# Cost of Upkeep - Freshwater/Saltwater



## Sharkbait (Jun 15, 2010)

Hi there!

I currently have a 90 gallon planted freshwater tank. Pressurized C02, the whole nine yards.

I have been pondering about either SWITCHING to saltwater or adding another tank altogether. I've worked hard for my freshwater, so I don't want to just sell it.

However, can anyone shed some light on what the cost might be of:

a) Adding a complete separate REEF setup (About 120-140 gallons)
b) The upkeep it would cost to keep both these tanks

I know if I switch, I'm not going to get half as much as what I paid, and I'd rather have a 120-140 gallon saltwater tank than just plumbing my 90, So I'd be selling the whole thing. I just don't know what saltwater is like upkeep wise. I know my upkeep with ferts, foods, water, hydro can already be a bit much. 

I was looking at the Red Sea Max 250....but it really isn't big enough for what I would want to do, and it doesn't leave much to creativity.

The other issue is space...and convincing the wife to be. But I can deal with that


----------



## SeaHorse_Fanatic (Apr 22, 2010)

Used, a 120-140g sw setup with RR tank, stand, sump, skimmer, return pump will run probably $700 to $1000 (depending on the quality & age of the equipment). Lighting for a fish only would be cheap, anything really would do. But for a reef tank, you're looking at $350 to $600 used (assuming its a 4' not 6' system).

Live rock from a hobbyist will average $4/lb and you'll need roughly 1 lb per gallon.

On the other hand, if you totally luck out & someone sells you their system at rockbottom prices, you could end up paying only a few hundred for everything.

Unfortunately, fish stuff, especially sw, on the Island is far higher than in the Lower Mainland.


----------



## Sharkbait (Jun 15, 2010)

Thanks SeaHorse Fanatic!

With reef tanks, I understand MH lighting is needed. I have no idea how that will effect my hyrdo bill. 
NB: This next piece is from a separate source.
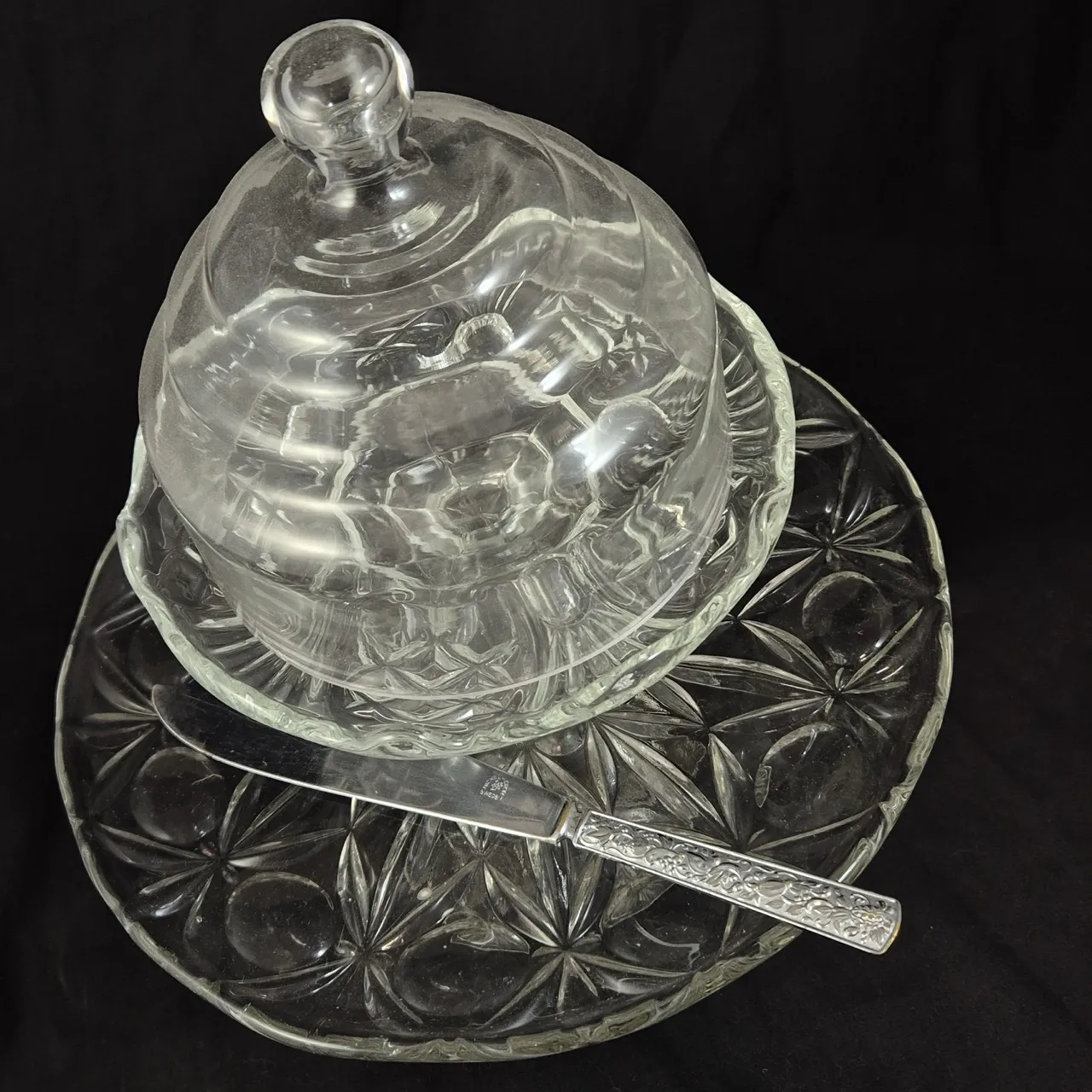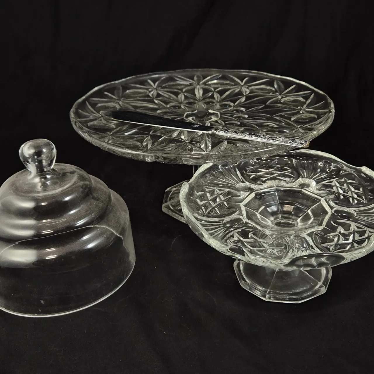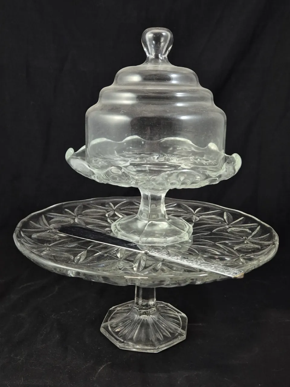 Tårtfat på fot D.28cm , fat med glaskupa, tårtkniv

$4/lb for live rock? Jeez, everywhere here it's at LEAST $8! Why is it so much more expensive here on the island? And why is it 1lb/gallon? 

My problem...is that I have a hard time buying used gear. I like buying new - warranties, and I'm not buying someone else's problems (I've had bad experiences in the past). Of course, this ups the price dramatically.

I don't know much about salt...but I understand that weekly maintenance isn't as bad as say a planted discus tank. But you have to put salt back in, then there's all the other additives (which I don't know anything about).


----------



## fkshiu (Apr 22, 2010)

Sharkbait said:


> Thanks SeaHorse Fanatic!
> 
> With reef tanks, I understand MH lighting is needed. I have no idea how that will effect my hyrdo bill.
> 
> ...


It's $4/lb "used" from another hobbyist. You should never pay full retail for live rock because stuff from another hobbyist is as good or even better than LFS live rock. There is no warranty for live rock.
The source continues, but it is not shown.